Explicitly or not, regulators and tech firms are both vying for consumer allegiance. If European regulators remain confident that their constituents believe in the DSA’s goals more than they dislike the costs, then regulators can stand firm as ever. If, however, they fear popular backlash, regulators will have to clarify the tradeoff choices they have made and take a more lax enforcement approach when companies struggle to strike the right balance.

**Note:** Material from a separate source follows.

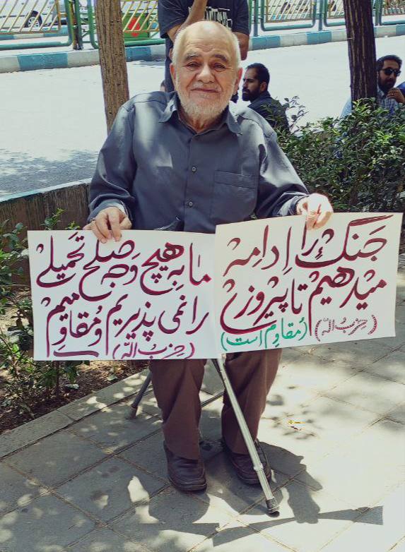 Gramp's sign says “We will continue the war until we win. We will not accept any imposed truce and we will be resistant.”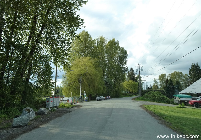 2. We are at the northern end of 104 Avenue in Surrey, approaching Port Kells Terminal of Barnston Island Ferry, with Surrey Bend Regional Park turnoff being several hundred meters behind us. For directions on getting here from Highway 1, check out our Surrey Bend Regional Park trip report. The parking lot seen on the left side of the photo below is free.

Meta’s boisterous criticism of the DSA points to an underlying truth about its operations in Europe. US tech companies have been clear on how they weigh the tradeoffs at play, and for that, they are selling more than their products. They are selling a proposition — the proposition that their network effects benefit consumers more than a fragmented market would. That the internet inherently amplifies both the democratic and dangerous aspects of free speech. That their proprietary algorithms serve you as well as them, and exchanging your data for their services is a mutually beneficial economic trade.
Lawmakers are only as empowered as the populace allows them to be. It will be up to European consumers to decide whether the proposition is one worth buying.